Dataset -
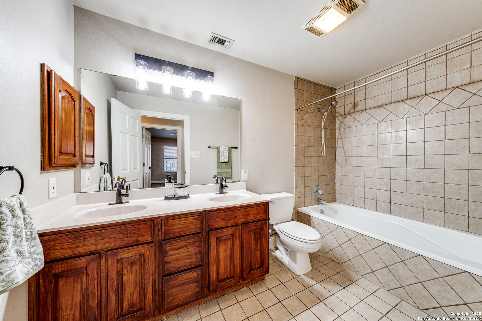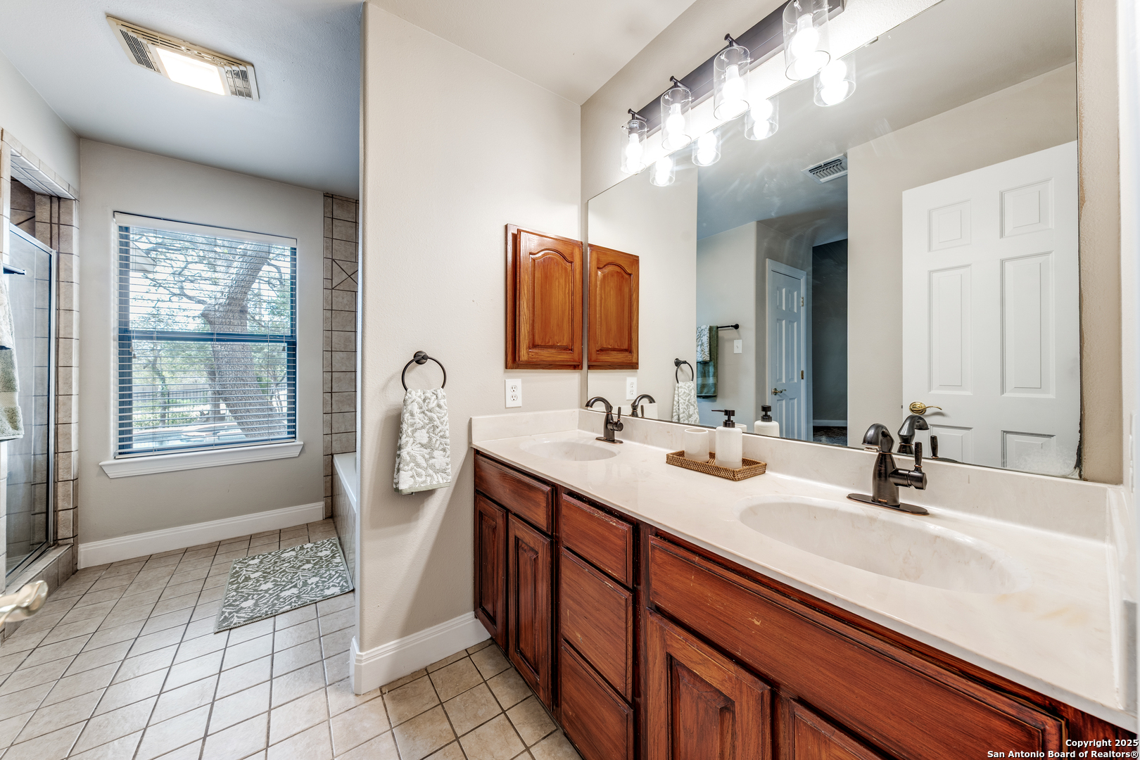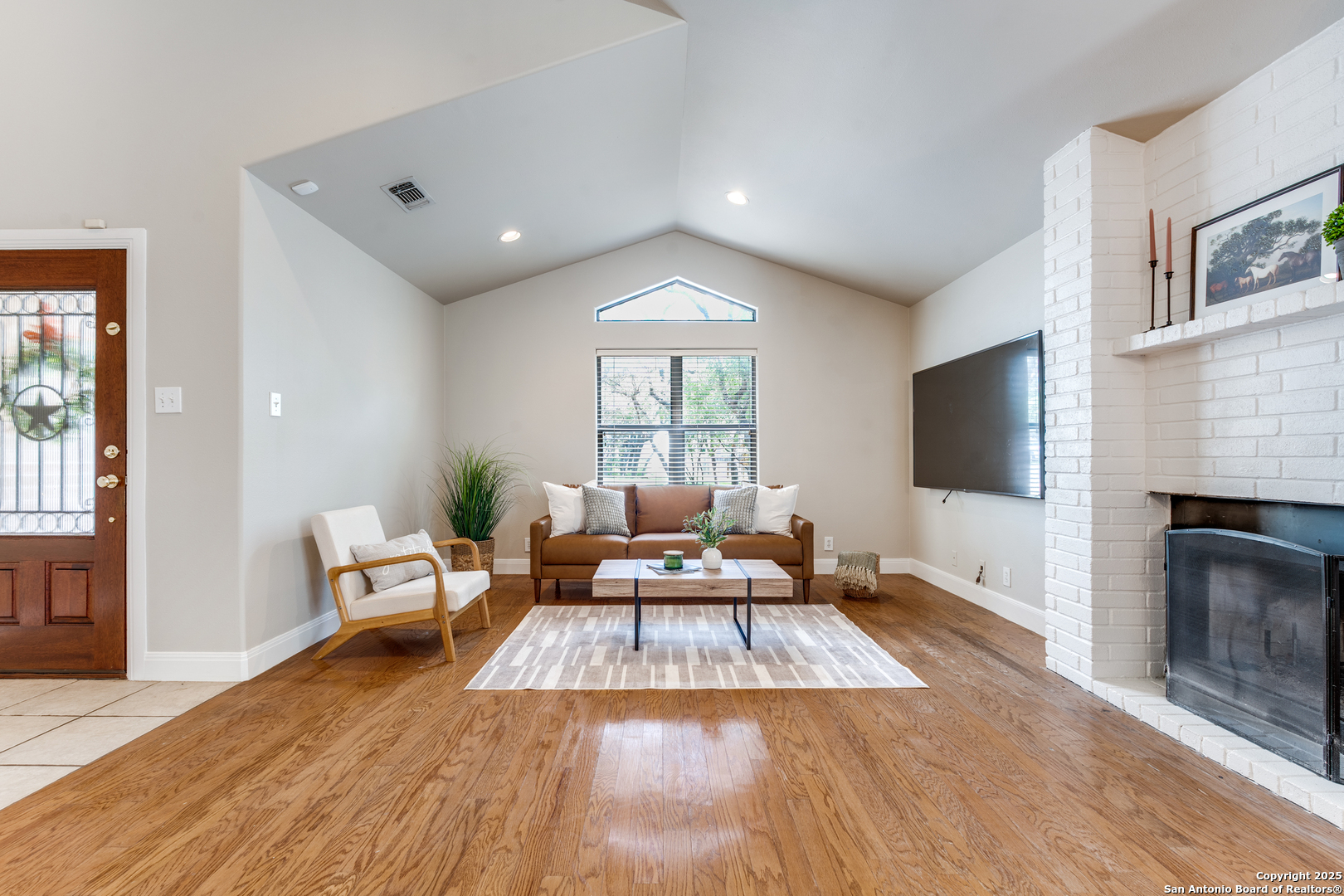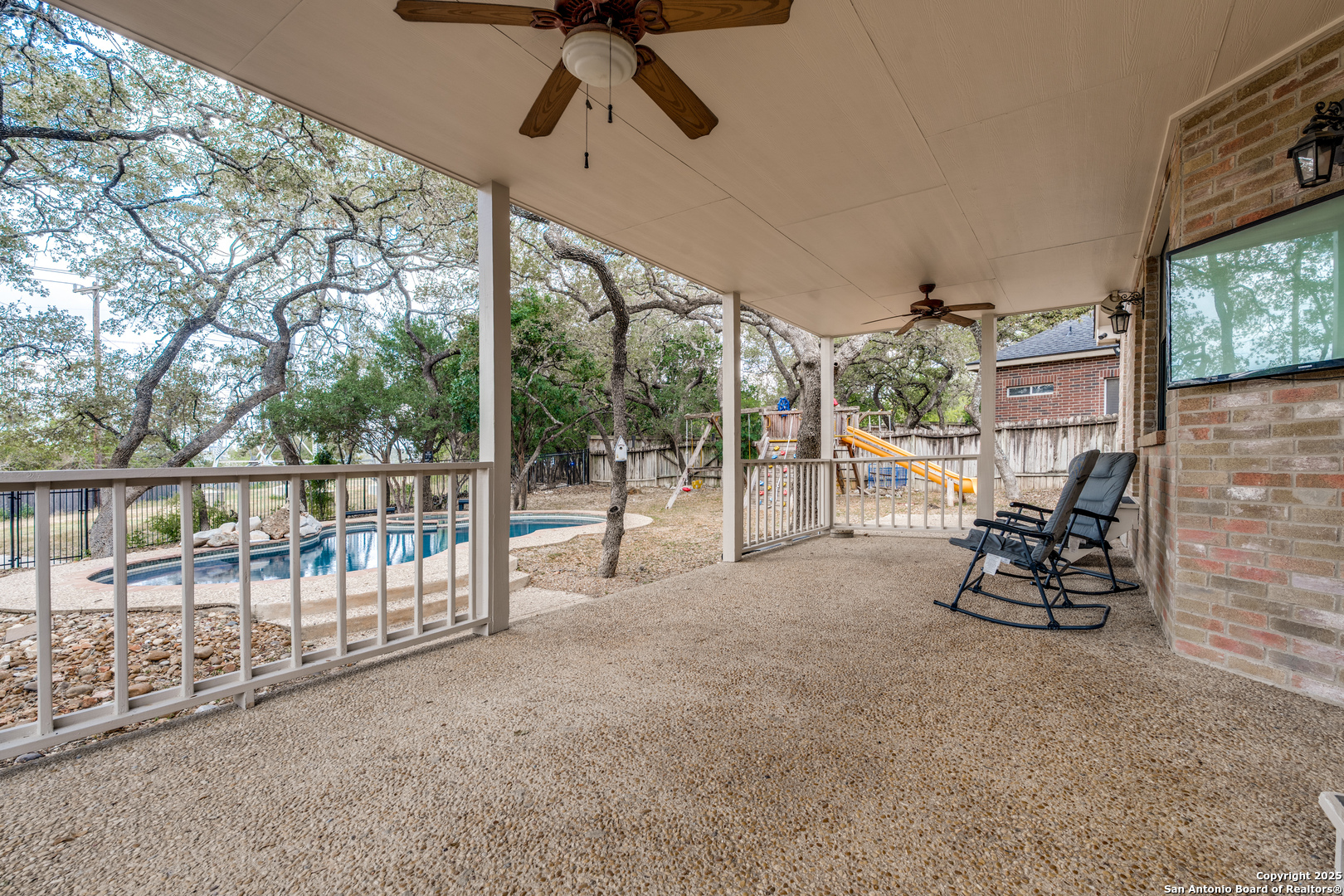 MOTIVATED SELLER***OPEN HOUSE 10/26 1-3PM ***OPEN HOUSE 10/30 4-6PM 400+ additional square footage added..Come see this lovely single-story home in the heart of far north central San Antonio. This stately brick residence, built in 2001, offers approximately 2500 sq feet of thoughtfully designed living space with 3 bedrooms, 2 full baths and a spacious 0.25- acre lot. This home features a beautiful inground pool with Mature trees and lots of area for outdoor entertainment. Additional highlights include a converted two-car garage ready for football watching or game room activities and a great storage unit, perfect for keeping yard equipment , tools, or seasonal supplies organized and out of sight. Don't miss your chance to make this beautiful home yours!
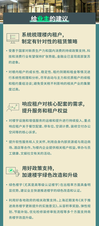 我們認(rèn)為可持續(xù)發(fā)展仍是企業(yè)房地產(chǎn)的中長(zhǎng)期趨勢(shì)。但值得注意的是,在已設(shè)定零碳目標(biāo)的租戶中,今年有1/5的企業(yè)表示考慮推遲或正在重新審視原定目標(biāo),這或與近期歐美地區(qū)清潔能源、新能源汽車等領(lǐng)域的相關(guān)政策變化,以及企業(yè)經(jīng)營(yíng)預(yù)期和戰(zhàn)略目標(biāo)的調(diào)整有關(guān)。
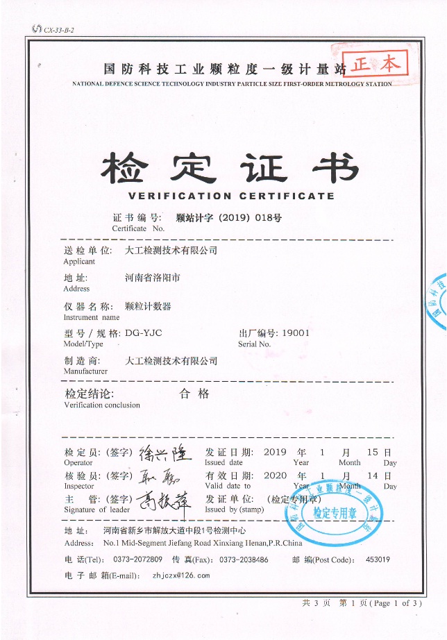 2019年1月15日,我公司研發生產的顆粒計數器,順利通過“國防科技工業顆粒度一級計量站”檢定,檢定結果合格。標志著我公司生產的顆粒計數器已具備實驗室顆粒度檢測精度要求!
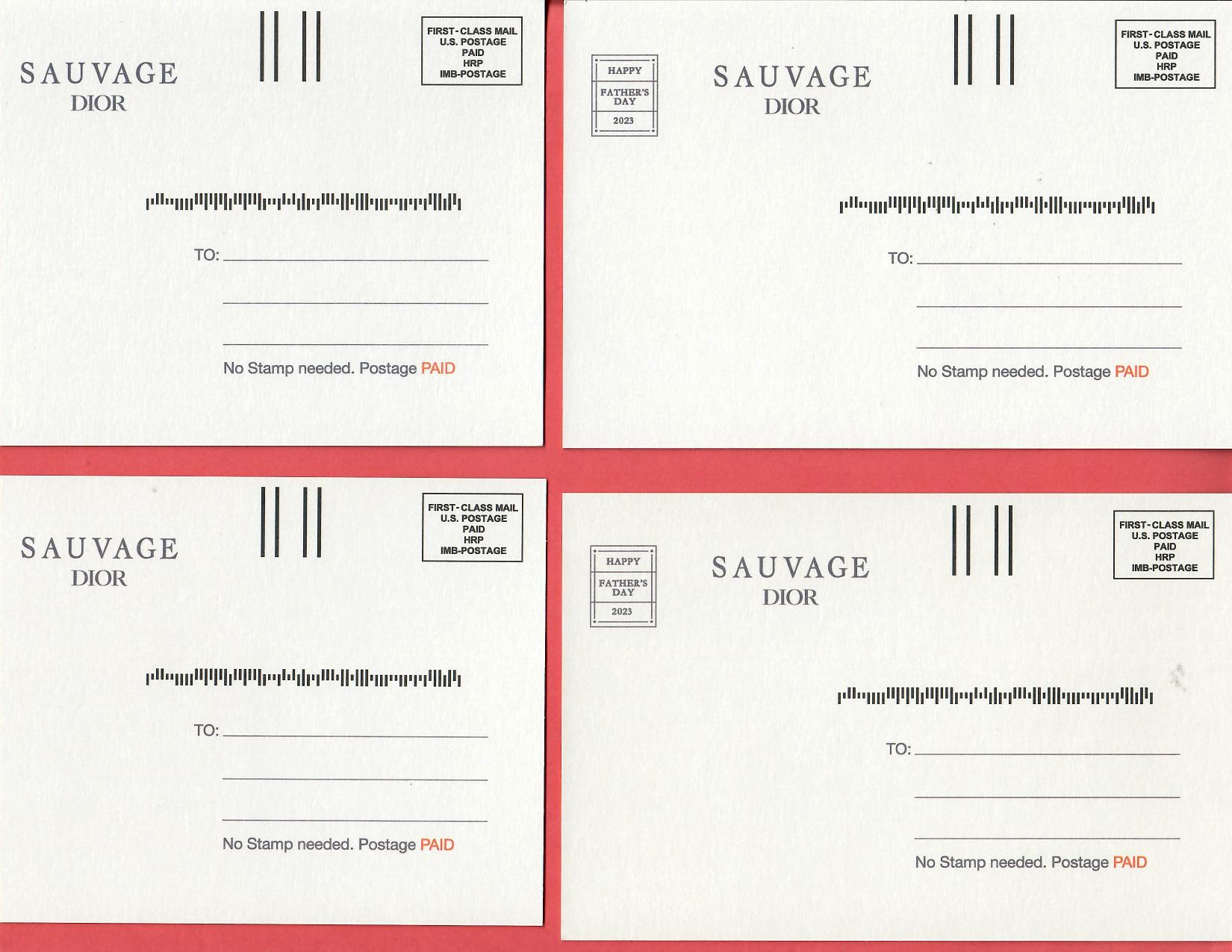 Étiquettes :Dior, Sauvage Publié dans Cartes parfumées - Perfume cards | Commentaires fermés sur Lot de 4 cartes type postale Sauvage pour Father’s day 2023 (recto-verso) – USA
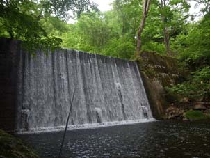 | 最後の堰堤。ここで大ヤマメをバラした。 | 林道を歩いて車に帰り着く。 |
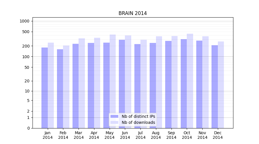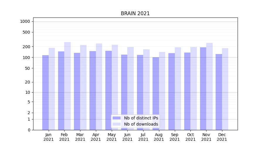 Number of downloads for software package BRAIN, year by year, from 2025 back to 2014 (years with no downloads are omitted):
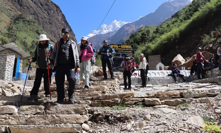 “चिसो बढे पनि पर्यटक आगमन रोकिएको छैन”, उहाँले भन्नुभयो, “पदमार्ग भ्रमण खुला भएपछि पर्यटकको चहलपहल बढेको छ ।” छोटो अवधिमा पहाडी र हिमाली क्षेत्रको एकैपटक साहसिक यात्रामा रुचि राख्नेहरूका लागि अन्नपूर्ण हिमालको आधार शिविर नयाँ गन्तव्यका रूपमा विकास भएको छ ।

What the task asks -
Only those lines from the one containing "最後の堰堤。ここで大ヤマメをバラした。 | 林道を歩いて車に帰り着く。 |" to the end of the material above, retyped exactly and without pictures, belong in your reply.

Answer for this exercise -
 | 最後の堰堤。ここで大ヤマメをバラした。 | 林道を歩いて車に帰り着く。 |
 Number of downloads for software package BRAIN, year by year, from 2025 back to 2014 (years with no downloads are omitted):
 “चिसो बढे पनि पर्यटक आगमन रोकिएको छैन”, उहाँले भन्नुभयो, “पदमार्ग भ्रमण खुला भएपछि पर्यटकको चहलपहल बढेको छ ।” छोटो अवधिमा पहाडी र हिमाली क्षेत्रको एकैपटक साहसिक यात्रामा रुचि राख्नेहरूका लागि अन्नपूर्ण हिमालको आधार शिविर नयाँ गन्तव्यका रूपमा विकास भएको छ ।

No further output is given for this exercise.